◆ Task description
Print them exactly: the lines from the beginning of the entries below through the line that contains "Xu L, Dai F, Wang", and only those, with the pictures left out.

*** Begin section ***

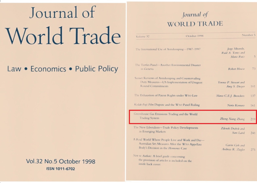 张中祥从上世纪90年代在荷兰格罗宁根大学法学院和经济学院任职时起就呼吁在全球实施碳排放交易这一市场机制。早在1998年,他就与美国环境和资源经济学家协会理事长TomTietenberg教授等欧美学者应邀为联合国贸发会议(UNCTAD)撰写、1999年由联合国正式出版的《温室气体排放交易国际规则》的报告,1998年美国未来资源研究所(RFF)曾以EmissionsTrading101对这个联合国报告做过报道;他在法学和经济学国际杂志JournalofWorldTrade上发表了全球该领域第一篇论述温室气体排放交易和世界贸易的论文;在美国东西方中心任职资深研究员时,张中祥应邀与包括已故PeterBohm(斯德哥尔摩大学经济学教授、1985年Elsevier出版的著名Handbook丛书作者),WallaceOates(美国国家科学院院士、世界顶级公共财政和环境经济学家)和DavidPearce(首位欧洲环境和资源经济学家学会终身成就奖获得者,为张中祥1997年由英国EdwardElgar出版、入选“环境经济学里程碑”丛书的英文独著的封面写了荐言)在内的其他5位欧美顶级经济学家对欧盟碳排放交易体系提出改进建议。
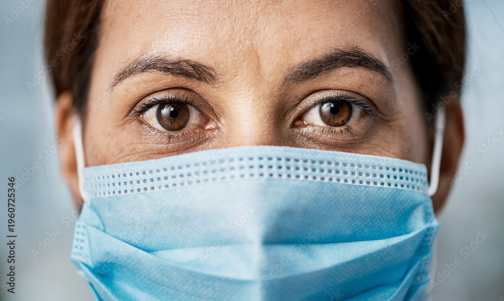 Nurse, safety and woman with mask in closeup for clinic policy, germ prevention or infection control. Healthcare, worker and face cover portrait for hospital protocol, hygiene practice and protection
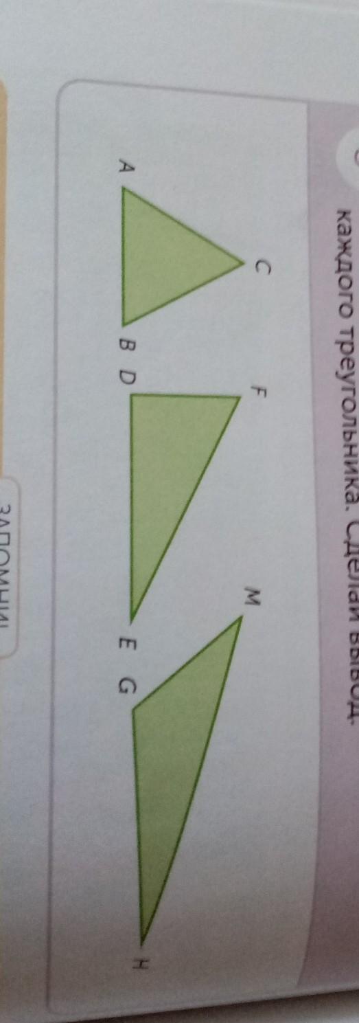 Измерьте углы в каждом треугольнике найдите сумму углов каждого треугольника Сделай вывод. 5 баллов
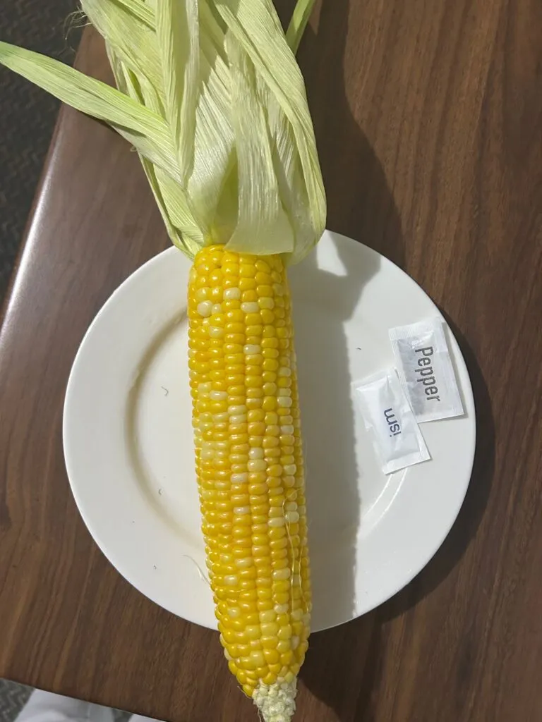 TV and reading took up the rest of the evening, apart from a quick bedtime snack. Sometimes I even amaze myself on how much I can eat! We had seen lots and lots of corn crops along our drives and had bought a single ear of corn ($1) – which I microwaved (complete with husk) for three minutes – peeled and then sprinkled with the seasoning we found in the motel room. No butter, but actually it was really good without it. So fresh, sweet and yummy. Yet another example of the simple things often being the best!
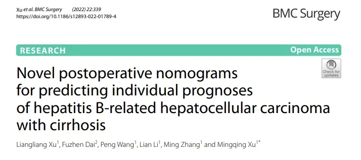 Xu L, Dai F, Wang P, Li L, Zhang M, Xu M. Novel postoperative nomograms for predicting individual prognoses of hepatitis B-related hepatocellular carcinoma with cirrhosis. BMC Surg. 2022 Sep 13;22(1):339.doi: 10.1186/s12893-022-01789-4. PMID: 36100893; PMCID: PMC9472365.
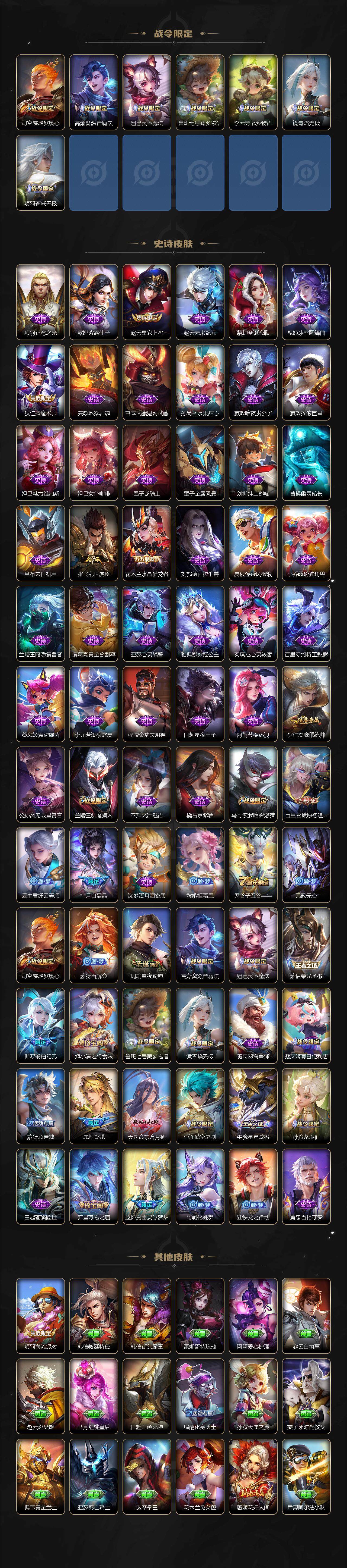 【史诗皮肤】:项羽苍穹之光,露娜紫霞仙子,赵云皇家上将,赵云未来纪元,貂蝉圣诞恋歌,甄姬冰雪圆舞曲,狄仁杰魔术师,廉颇地狱岩魂,宫本武藏鬼剑武藏,孙尚香水果甜心,嬴政暗夜贵公子,嬴政摇滚巨星,妲己魅力维加斯,妲己女仆咖啡,墨子龙骑士,墨子金属风暴,刘禅绅士熊喵,曹操幽灵船长,吕布末日机甲,张飞乱世虎臣,花木兰水晶猎龙者,刘邦德古拉伯爵,夏侯惇乘风破浪,小乔缤纷独角兽,兰陵王暗隐猎兽者,诸葛亮黄金分割率,亚瑟心灵战警,雅典娜冰冠公主,安琪拉心灵
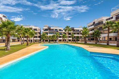 La propriété sera vendue entièrement meublée et se compose dun salon / salle à manger spacieux, dune cuisine ouverte moderne entièrement équipée, de deux chambres avec placards, de deux salles de bains (dont une en suite), des portes-fenêtres du salon donnent également sur une terrasse privée pour profiter du soleil espagnol toute la journée. Une place de parking et un débarras dans le garage souterrain sont également inclus dans le prix.

*** End section ***

◆ Response to the exercise
 张中祥从上世纪90年代在荷兰格罗宁根大学法学院和经济学院任职时起就呼吁在全球实施碳排放交易这一市场机制。早在1998年,他就与美国环境和资源经济学家协会理事长TomTietenberg教授等欧美学者应邀为联合国贸发会议(UNCTAD)撰写、1999年由联合国正式出版的《温室气体排放交易国际规则》的报告,1998年美国未来资源研究所(RFF)曾以EmissionsTrading101对这个联合国报告做过报道;他在法学和经济学国际杂志JournalofWorldTrade上发表了全球该领域第一篇论述温室气体排放交易和世界贸易的论文;在美国东西方中心任职资深研究员时,张中祥应邀与包括已故PeterBohm(斯德哥尔摩大学经济学教授、1985年Elsevier出版的著名Handbook丛书作者),WallaceOates(美国国家科学院院士、世界顶级公共财政和环境经济学家)和DavidPearce(首位欧洲环境和资源经济学家学会终身成就奖获得者,为张中祥1997年由英国EdwardElgar出版、入选“环境经济学里程碑”丛书的英文独著的封面写了荐言)在内的其他5位欧美顶级经济学家对欧盟碳排放交易体系提出改进建议。
 Nurse, safety and woman with mask in closeup for clinic policy, germ prevention or infection control. Healthcare, worker and face cover portrait for hospital protocol, hygiene practice and protection
 Измерьте углы в каждом треугольнике найдите сумму углов каждого треугольника Сделай вывод. 5 баллов
 TV and reading took up the rest of the evening, apart from a quick bedtime snack. Sometimes I even amaze myself on how much I can eat! We had seen lots and lots of corn crops along our drives and had bought a single ear of corn ($1) – which I microwaved (complete with husk) for three minutes – peeled and then sprinkled with the seasoning we found in the motel room. No butter, but actually it was really good without it. So fresh, sweet and yummy. Yet another example of the simple things often being the best!
 Xu L, Dai F, Wang P, Li L, Zhang M, Xu M. Novel postoperative nomograms for predicting individual prognoses of hepatitis B-related hepatocellular carcinoma with cirrhosis. BMC Surg. 2022 Sep 13;22(1):339.doi: 10.1186/s12893-022-01789-4. PMID: 36100893; PMCID: PMC9472365.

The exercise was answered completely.